En 2017, j’ai interviewé Cemil Bayik, l’un des dirigeants du PKK que les États-Unis ont offert une récompense de 4 millions de dollars à Al-Monitor. Dans cette interview, Bayik a appelé les Etats-Unis, l’OTAN et l’UE à servir de médiateur entre le PKK et la Turquie pour reprendre les pourparlers de paix et résoudre la question kurde. Quelle est la logique d’afficher une prime de 4 millions de dollars pour une personne qui vous appelle pour l’aider à apporter paix et stabilité ?
 
Continuer à criminaliser le mouvement kurde pour la liberté en Turquie et renforcer l’autoritarisme turc par de telles décisions ne sert que le président Erdogan et son programme néo-ottomane, islamiste-nationaliste.
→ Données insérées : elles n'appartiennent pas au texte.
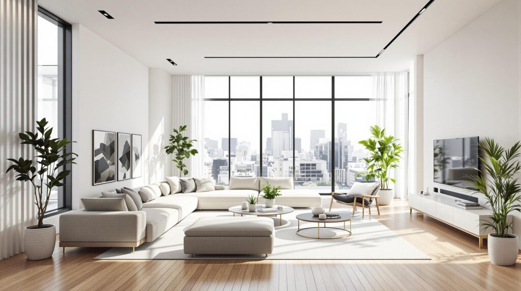 - 大型窓や採光への配慮:自然光を最大限活用した明るい室内環境

Cette politique affecte les relations entre le Kurdistan et les États-Unis et renforcera l’instabilité et le sentiment anti-américain.
 
Les Kurdes s’attendent à un soutien américain supplémentaire pour que la révolution en Syrie réussisse en tant que système démocratique en alliance avec les Etats-Unis et l’UE et devienne un exemple pour l’avenir de la Syrie et, en fin de compte, de la région au sens large. Les Turcs et les Kurdes démocratiques veulent reprendre les pourparlers de paix afin que ni les Turcs ni les Kurdes ne soient plus tués et que la Turquie devienne un modèle de démocratie pour toute la région.
 
L’UE, les États-Unis et l’OTAN peuvent jouer un rôle vital dans l’instauration de la paix en Turquie. Et la paix en Turquie jouera un rôle influent dans la stabilité des pays de la région et la garantie de la défaite de Daesh, qui sont très importants pour la sécurité de l’UE et des États-Unis et l’arrêt de l’afflux des réfugiés vers les pays occidentaux.